» MATERIAL TO PROCESS
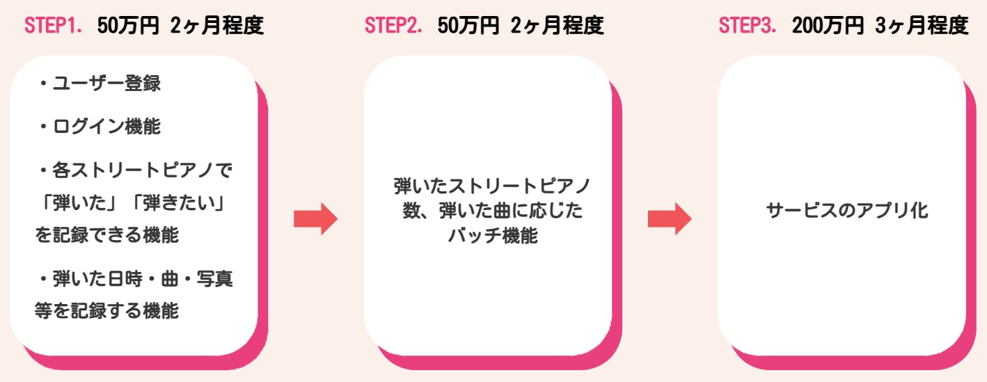 また、ご支援いただいた金額に応じて、STEP2の費用や、サービスを広めるためのマーケティング費用などに、当てたいと考えています。
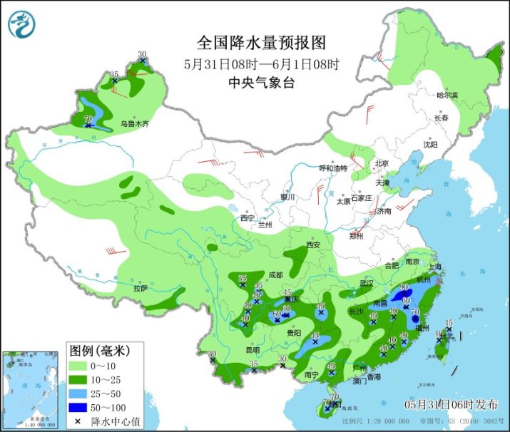 明后两天(6月1日至2日),贵州、广西、湖南、江西、福建、浙江等地的部分地区有大到暴雨,局部地区有大暴雨。预计降水最强时段为1日夜间至2日白天。
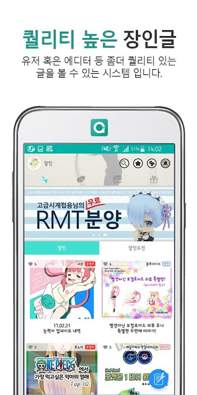 엄선된 장인들의 훌륭한 컨텐츠들을 만나볼 수 있습니다. 또한 나만의 재능을 보여줄 수 있는 장인 도전 페이지도 항시 대기중!!
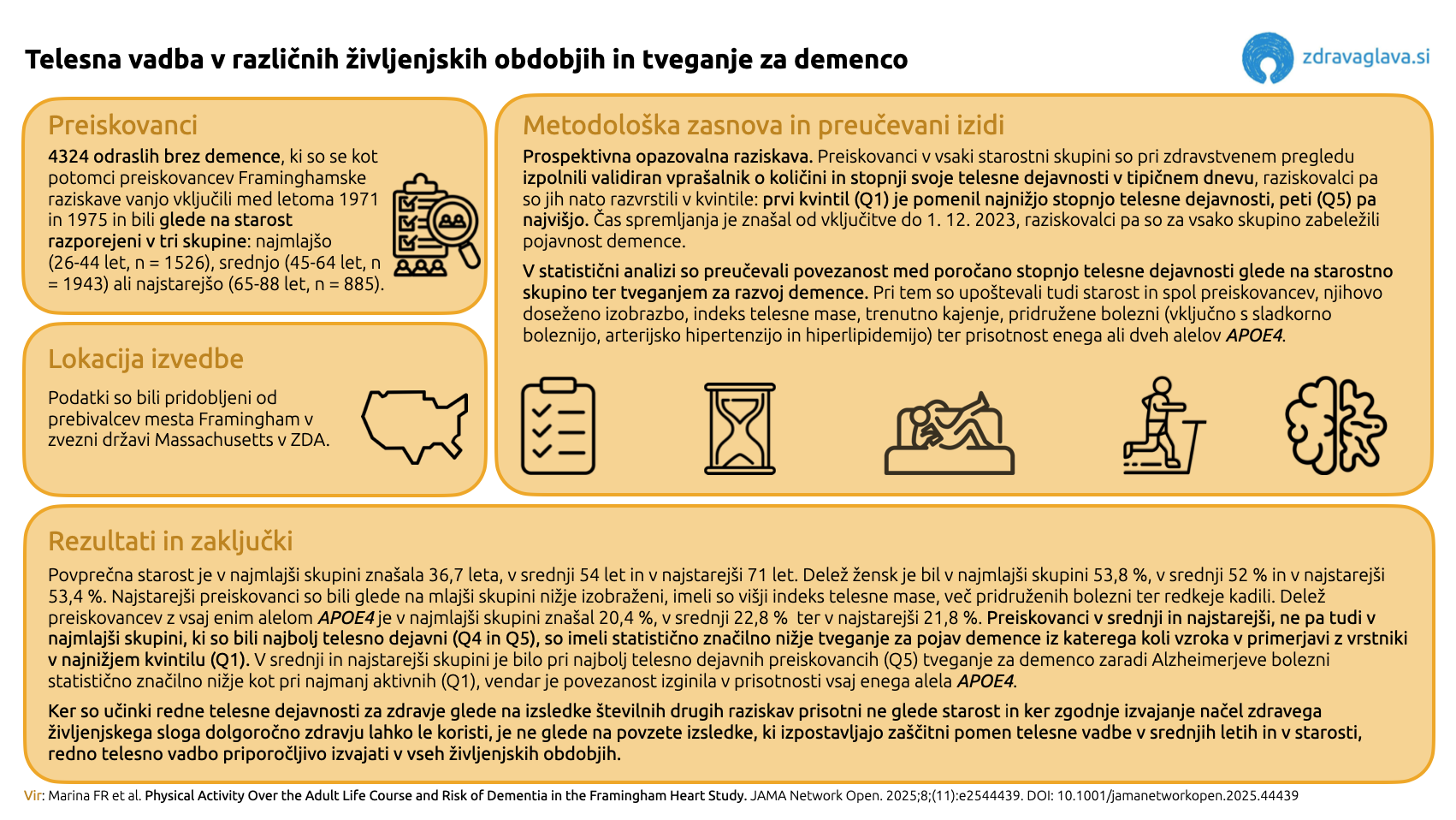 Telesna vadba v različnih življenjskih obdobjih in tveganje za demenco
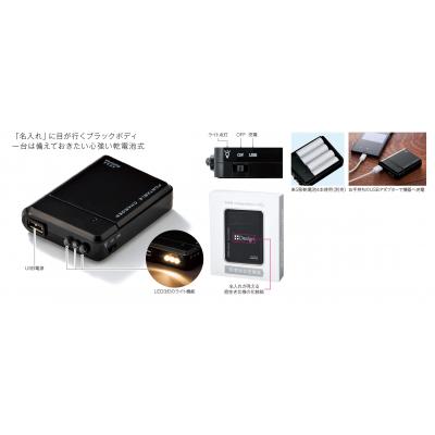 名入れが際立つブラックボディのモバイルバッテリー。停電時も心強い乾電池式。
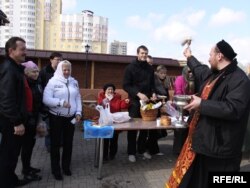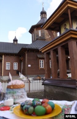 Фотарэпартаж асьвячэньня велікодных страваў з прыходу ў гонар сьвятога Серафіма Сароўскага ў Менску.
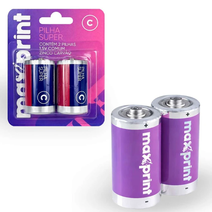 Pilha média C com 02 unidades Maxprint
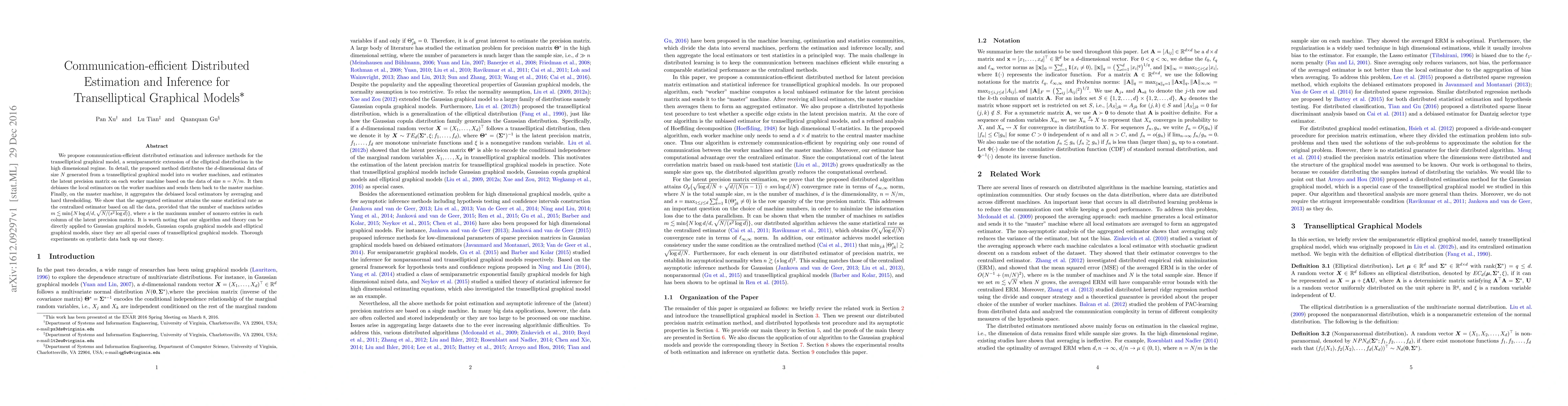 This paper proposes a communication-efficient distributed estimation method for transelliptical graphical models, achieving the same statistical rate as centralized methods by leveraging multiple worker machines. Experiments on synthetic data validate the theoretical results.
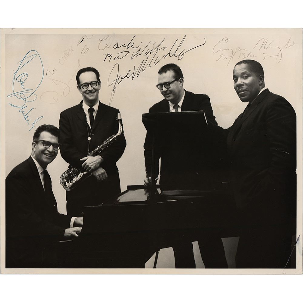 Vintage glossy 10 x 8 photo of the Dave Brubeck Quartet, signed and inscribed in ballpoint, "Dave Brubeck," "For Clark, P. Desmond," "To Clark, Best Wishes, Joe Morello," and "Eugene Wright, God Bless You.” In fine condition, with the signatures of Desmond and Wright light but legible.
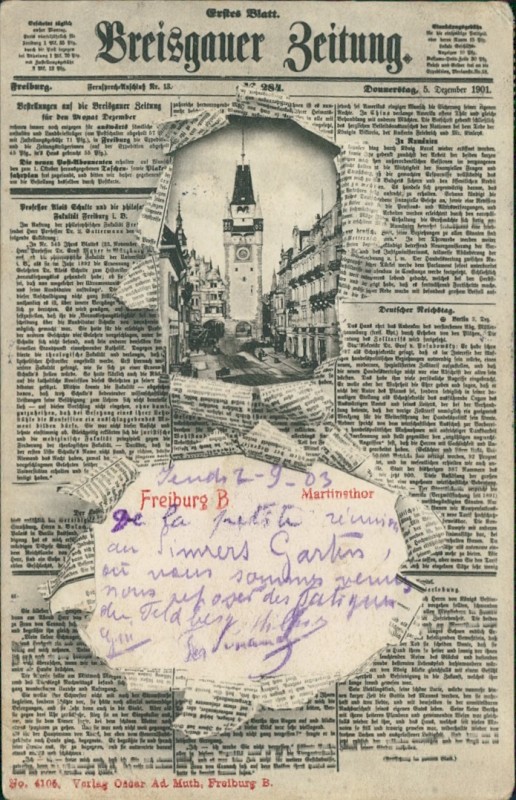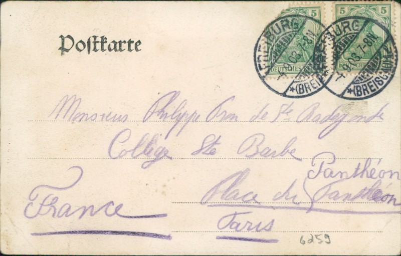 Alte Ansichtskarte aus Freiburg im Breisgau, gelaufen am 04.09.1903 von Freiburg (Breisgau) nach Paris.
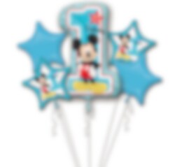 Schattig ballonboeket met een Mickey Mouse 1 jaar-afbeelding. Leuk als decoratie voor de 1e verjaardag. Het pakket bevat een ballon in de vorm van het cijfer 1 (ongeveer 48 x 71 cm) en 4 stervormige folieballonnen (ongeveer 48 cm).
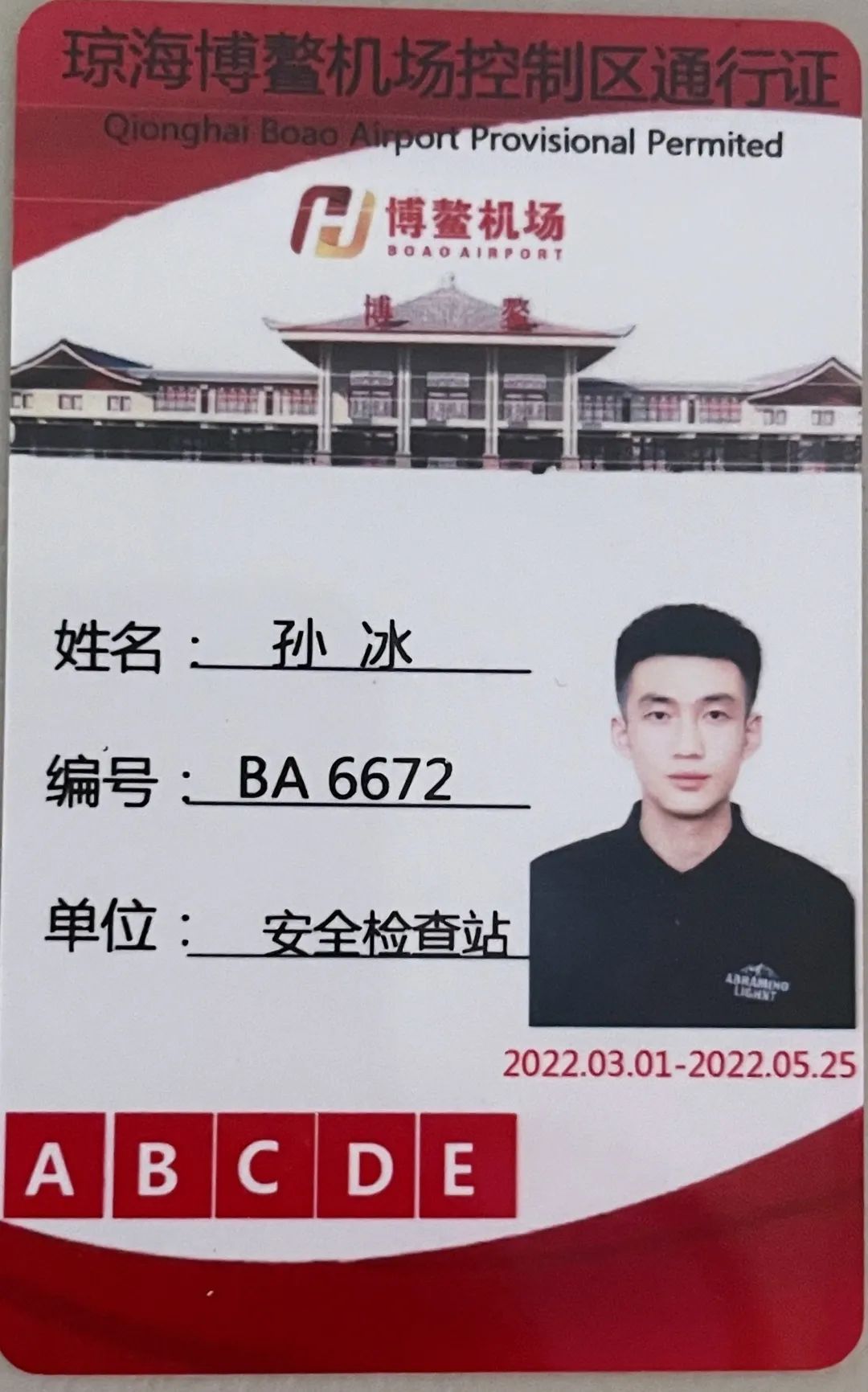 2022年2月底,孙冰凭着平时优秀的表现,被老师推荐为2022年博鳌亚洲论坛志愿者。志愿工作期间,他主要承担博鳌机场的安全保障工作。他首先认认真真地参加了培训,经过上百次的反复学习操作,熟练掌握了一次性医用橡胶手套、口罩、护目镜戴法,并牢记理论知识和实践操作流程。经过严格的培训之后,孙冰正式在博鳌机场开始工作,并被分配到机场3号出口处。他不仅要为到达旅宾测体温、查健康码、行程码、核酸检测报告,还要检测旅客是否带有违禁物品等。每天下午是航班到达的高峰期,他都会主动提前一小时等候在国内到达厅门口,一丝不苟地检查每位旅客,生怕有一点遗漏,完全没顾及“大白”防护服里面被汗水打湿到可以拧出水的工服,更没有时间去整理衣服,渴了累了一直忍着,一站就是五六个小时,他不但没有怨言,而是满满的欣慰。
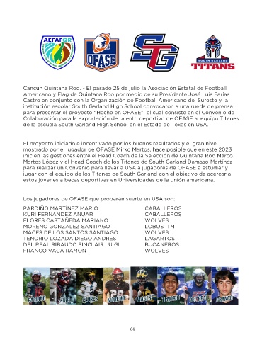 Colaboración para la exportación de talento deportivo de OFASE al equipo Titanes
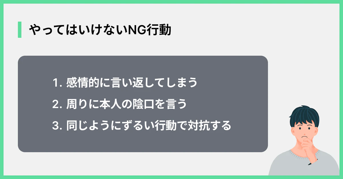 「やられたらやり返す」という気持ちで、相手と同じようにずるい行動で対抗するのは絶対にやめましょう。あなたも「ずるい人」の仲間入りをしてしまい、周りからの信用を失ってしまいます。
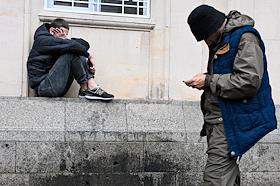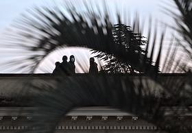 Ситуация в Абхазии. Виды Сухума. Мужчина и женщина на набережной кормят чаек.
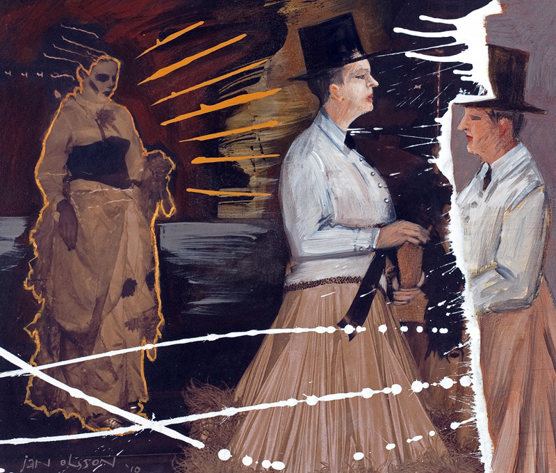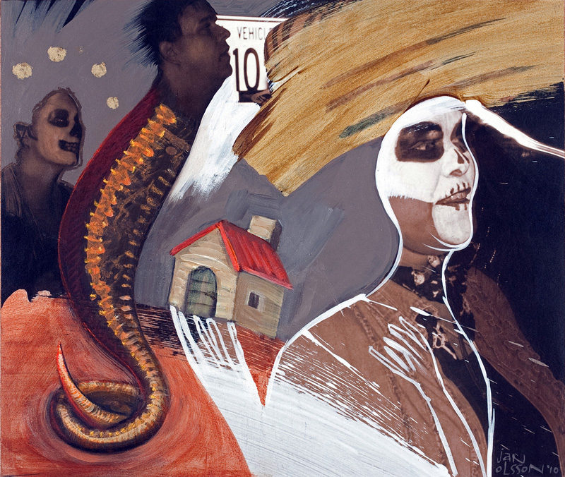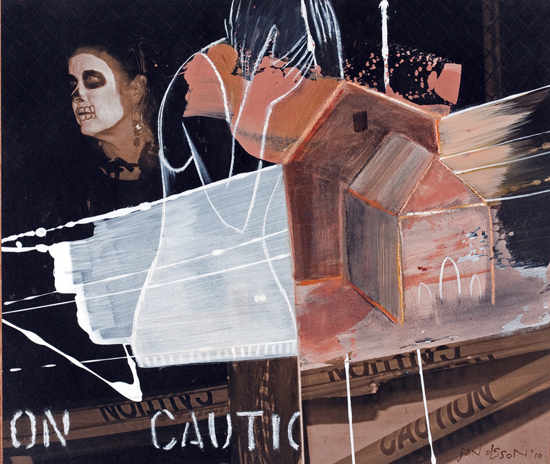 Acrylic, pastel and collage on paper over ink jet print

» TASK DIRECTIONS
Everything above from the line containing "明后两天(6月1日至2日),贵州、广西、" through the line containing "Alte Ansichtskarte aus" must be repeated exactly, and the pictures must be left out.

» ANSWER BOX
 明后两天(6月1日至2日),贵州、广西、湖南、江西、福建、浙江等地的部分地区有大到暴雨,局部地区有大暴雨。预计降水最强时段为1日夜间至2日白天。
 엄선된 장인들의 훌륭한 컨텐츠들을 만나볼 수 있습니다. 또한 나만의 재능을 보여줄 수 있는 장인 도전 페이지도 항시 대기중!!
 Telesna vadba v različnih življenjskih obdobjih in tveganje za demenco
 名入れが際立つブラックボディのモバイルバッテリー。停電時も心強い乾電池式。
 Фотарэпартаж асьвячэньня велікодных страваў з прыходу ў гонар сьвятога Серафіма Сароўскага ў Менску.
 Pilha média C com 02 unidades Maxprint
 This paper proposes a communication-efficient distributed estimation method for transelliptical graphical models, achieving the same statistical rate as centralized methods by leveraging multiple worker machines. Experiments on synthetic data validate the theoretical results.
 Vintage glossy 10 x 8 photo of the Dave Brubeck Quartet, signed and inscribed in ballpoint, "Dave Brubeck," "For Clark, P. Desmond," "To Clark, Best Wishes, Joe Morello," and "Eugene Wright, God Bless You.” In fine condition, with the signatures of Desmond and Wright light but legible.
 Alte Ansichtskarte aus Freiburg im Breisgau, gelaufen am 04.09.1903 von Freiburg (Breisgau) nach Paris.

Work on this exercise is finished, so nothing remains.